We investigate past climate variability over the Ice Ages, where a simultaneous-equations system is developed to characterize land ice volume, temperature and atmospheric CO2 levels as non-linear functions of measures of the Earth’s orbital path round the Sun. Although the orbital variables were first theorised as the fundamental causes of glacial variation by Croll in 1875 following Agassiz’s conception of a ‘Great Ice Age’ in 1840, their minor variations were thought insufficient to drive such major changes, especially the relative rapidity of shifts between glacial and warmer periods. The changes over the ice ages in atmospheric CO2 closely matched changes in land ice volumes, and since temperature changes are in turn affected by CO2 and also closely tracked ice volumes, a key identification issue is the causal role of CO2 in the process.
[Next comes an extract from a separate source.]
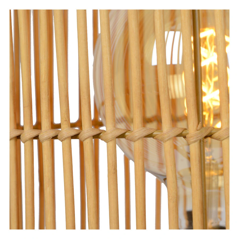 Deze vloerlamp heet Jantine. Ook al is ze met haar 125 centimeter hoogte een opvallende aanwezige in je ruimte, toch brengt ze ook rust en warmte. De geslaagde combinatie van de cilindervormige lampenkap in rotan en de drie metalen steunen als voet passen helemaal in een Scandivanische sfeer. Ook wie van een moderne urban jungle houdt voor zijn interieur, kan Jantine wel smaken. Combineer deze staande lamp met een duurzame ledlichtbron voor een optimaal effect. Je bedient haar via de schakelaar in het snoer.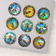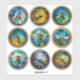 This 9-sticker pack features stained glass honey bees and honeycombs in shades of blue, green, and gold.

As any links between CO2 and temperature above the forces from the orbital drivers (which of course are still operating) must have been natural ones hundreds of thousands of years ago, understanding their interactions at that time is important now that additional CO2 emissions are anthropogenic. We develop a simultaneous equation system over the last 800,000 years that allows a test of the role of CO2 as endogenously driven by the orbital variations, or an ‘exogenous’ influence as it now is.

Suggested Citation

  • Jennifer Castle & David Hendry, 2020. "Identifying the Causal Role of CO2 during the Ice Ages," Economics Series Working Papers 898, University of Oxford, Department of Economics.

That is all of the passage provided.